FINRA 2019 Exam Risk Priorities

On Jan. 22, FINRA issued 2019 risk monitoring, exam priorities.

  • Highlights priorities, identifies areas of ongoing concern, to help firms to assess
    areas relevant to business, prepare for examinations, have adequate monitoring.
  • Addresses older risks from sales practice; hiring, supervision of APs with history.
  • Including cybersecurity; fraud, insider trading, and manipulation across markets.
  • FINRA also issued a podcast on the annual priorities letter entitled 'a fresh take'.

Emerging Issues

  • Online distribution platforms; comply with FinCEN customer due diligence (CDD).
  • Compliance on mark-up/mark-down disclosure obligation on fixed income trades.
  • New approach highlighted those topics that will be materially new areas of focus.
  • Sharper focus on emerging issues to help firms determine if relevant to business.

Online Platforms

  • Greater use of distribution of securities through online platforms, in reliance on
    Rule 506(c) of Reg. D to accredited investors, Reg A under securities act as well.
  • Some platforms owned, operated by dealers, others by unregistered firms using
    FINRA firms as selling agents, or brokers of record, custody, escrow, back-office.

Sales Participation on Platform

  • FINRA concerned firms act as if were not involved in distributing securities when
    it seemed that they were handling customer accounts, funds, get compensation.
  • Will assess how firms conduct, reasonable basis and customer-specific suitability
    analyses, supervise public communications, AML requirement and disclosure risk.
  • View action to ensure no material information is omitted, misleading, fraudulent.
  • For Reg D risk of sales to non-accredited investors, non-compliant escrow terms.
  • Reg.
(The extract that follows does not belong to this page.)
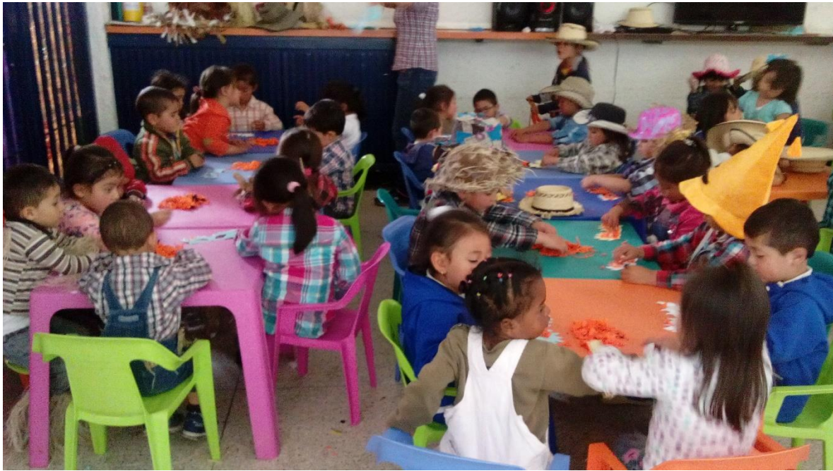
Figura 49. Explorando mi comunicación, CDI Cafam.

Sistematización de la experiencia La lectura visual como estrategia de aprendizaje significativo.
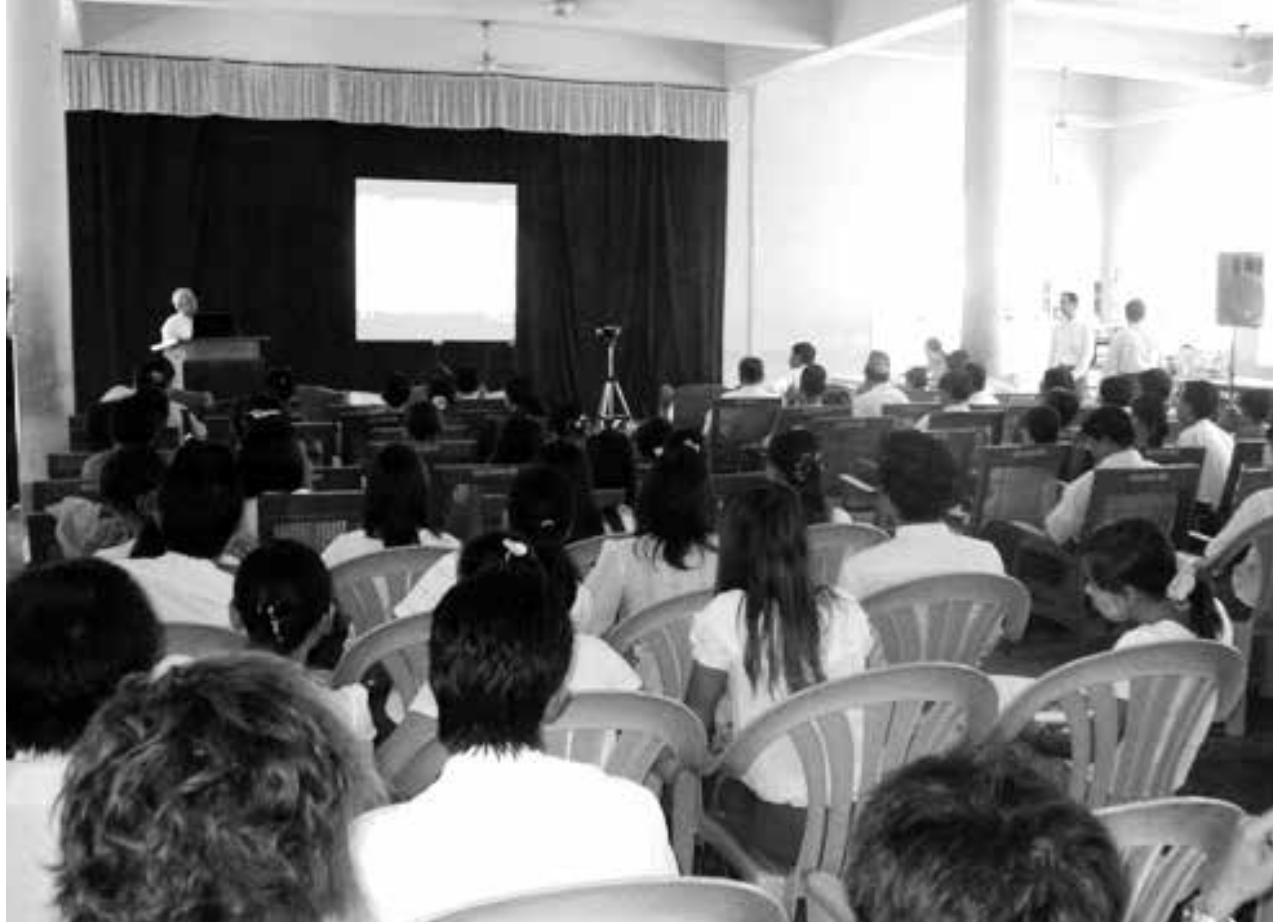
မုံရွာကုန်စည်ဗိုင်းတွင် ပထမဆုံးဟောပြောပွဲ ကျင်းပစဉ်

သာသနာရေးဝန်ကြီးဌာနသည် ဘုန်းတော်ကြီးသင်ပညာရေးကျောင်းများမှ ဆရာ၊ ဆရာမများအတွက်မူလတန်းအဆင့်ကျပ် ၃၆,၀၀၀၊ အလယ်တန်းအဆင့်ကျပ် ၄၁,၀၀၀ ပေးအပ်သွားမည်ဖြစ်ပြီး တစ်နိုင်ငံလုံးရှိ ကျောင်းများအတွက် ကျပ်သုံးဘီလီယံခန့် အသုံးပြုသွားမည်ဖြစ်သည်။

A excessive, undisclosed compensation arrangements, by firms and issuers.

Mark-Up Disclosure

  • Rule on mark-up or mark-down disclosures for fixed income trades.
  • Effective on May 14, 2018, FINRA developed mark-up and down analysis reports.
  • Firms can use report for mark-up summary, trade details, graphic trend analysis.

Regulatory Technology

  • Firms use innovative regulatory technology (RegTech) tools to assist compliance.
    efficiency, and make risk-based, FINRA will engage to understand what and how.
  • Study risks, challenges or regulatory concerns, supervision/governance systems
    third-party vendor management, safeguarding customer data, and cybersecurity.

Ongoing-Sales Practices

  • Suitability remains a FINRA priority, specific 2019 focus on deficient quantitative
    suitability, controls; over concentration in illiquid securities; time-horizon issues.
  • Exchange-traded product (ETP) market continues to grow with novel and highly
    complex products, to check suitability, risk disclosure obligations complied with.
  • Concerned with securities products that package leveraged loans, CLOs to retail.
  • Focus on senior investor risk of exploitation, compliance with rules.
  • Monitor APs' outside business activity, private securities transactions, misleading
    use of names to get funds from investors that may be confused by identification.

Operational Risks

  • Supervision of digital assets business, FINRA encourages firms to notify any plan.
  • Review membership and examination process covering digital assets, compliance.
  • Customer due diligence rule compliance in effect since May, identify
    beneficial owners of legal entity client, ongoing monitoring of suspicious activity.

Market Risks

  • Market manipulation monitoring by plan to enhance FINRA surveillance capability.
  • Compliance with market access Rule 15c3-5 will be monitored by controls, limits.
  • Short sales and tenders are a focus, legitimacy, independence of trades, reports.

Financial Risks

  • Review policies and procedures to identify, measure, and managing, credit risks.
  • Especially if sizable, done in a period of high volatility, some trades may increase.
  • If identify and address relevant risks, when they extend credit to their customers.
  • Firms’ liquidity planning, review whether have a reasonable process, to regularly
    assess the adequacy of liquidity pools, and updated their stress test assumptions.